Now unless your target market has specific language needs (like being under 5, or super clever university boffins) your marketing copywriting should be aimed at a high school education level – Year 9 or 10.

How can you tell?

Hemingway App professes to make your writing bold and clear by highlighting lengthy, complex sentences and common errors.

Tools like this online tool for text readability are also really useful. You simply plug in some text and get a grade rating. You’ll see there are a few different formulas and it’s quite interesting to see the results.

Remember: the higher the grade needed to read your copywriting, the harder it is for a wider audience to understand. And lowering the grade doesn’t mean talking down to your audience.
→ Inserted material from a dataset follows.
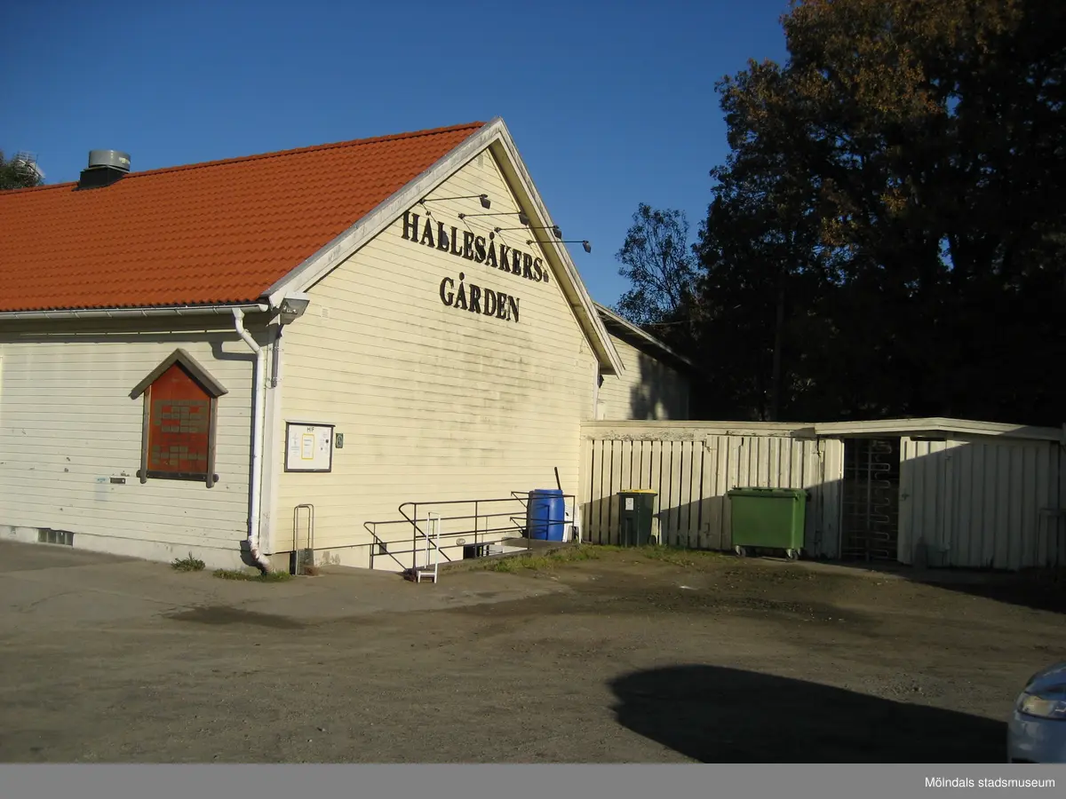 Hörnet av den ljusgula Hällesåkersgården år 2010. På gavelns övre del står textat med versaler HÄLLESÅKERSGÅRDEN. Till höger ses ett staket med en rotationsgrind.
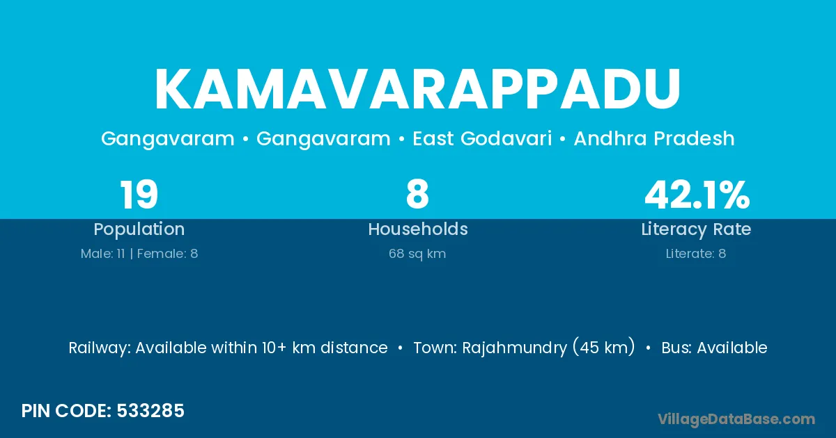 Kamavarappadu village has a total population of 19 people, of which 11 are males and 8 are females.

Just taking the hot air out of your copywriting.

How? 

Exchange complicated language for more straight-forward language and reduce the average sentence length. The result is copy that almost anyone can understand.

The longer the sentences you write and the longer the words you use, the harder your copywriting is to understand.

Here’s a great guide on readability vs sentence length:

Very easy             8 words or less
Easy                      9 – 11 words
Fairly easy          12 – 14  words
Standard             15 – 17  words
Fairly difficult    18 – 21  words
Difficult               22 – 25  words
Very difficult      26 – 30  words

Remember: The longer the sentences you write and the longer the words you use, the harder your copywriting is to understand.

Belinda 

This post scores 9.2 on the Flesch-Kincaid Grade Level although it did try and tell me a few of my words had too many syllables. This is where you have to use your own judgement as well. I don’t think vocabulary is too much for you… is it?

13 Responses

  1. How I love to hear others spreading the same message: it’s all about your readers.

    Understanding who will read your work is *the* place to start. It certainly makes things easier for us editors.

  2. Oh my goodness.great minds think alike. I was just walking home from daycare drop-off and wondering..what should I blog about today and, suddenly, like a bolt from the blue, I though – Fliesch-Kincaid score!  Did you know Word has an option for it too? 

    The more people promote simplicity in the written word, the happier I am. Thanks!

    1. My pleasure Nicole! I don’t let the metrics rule me too much but it’s good to have the tools that can help push us in the right direction. If you have any others please share! 🙂

  3. Result – Short Clauses. Method – Drop the crappy, overused and somewhat stale adjectives! (see what I did there?)

  4. Years ago, one of my first ever clients kept sending my copy back with the comment: “Dumb it down more!” At first I felt slightly offended thinking he didn’t appreciate my skills. At the end of the job I compared the initial copy I wrote with the end result and totally got what he meant. Fancy schmancy isn’t clever … it’s show off-y! (How’s THAT for dumbing it down! lol) Great post, Belinda. Everyone needs a reminder now and then :).

  5. This post was very easy to read. Perhaps I need to go back to Year 9 or 10…hmm, would life be so easy if it were that simple.
    Thanks for sharing this tool Belinda. It is very useful.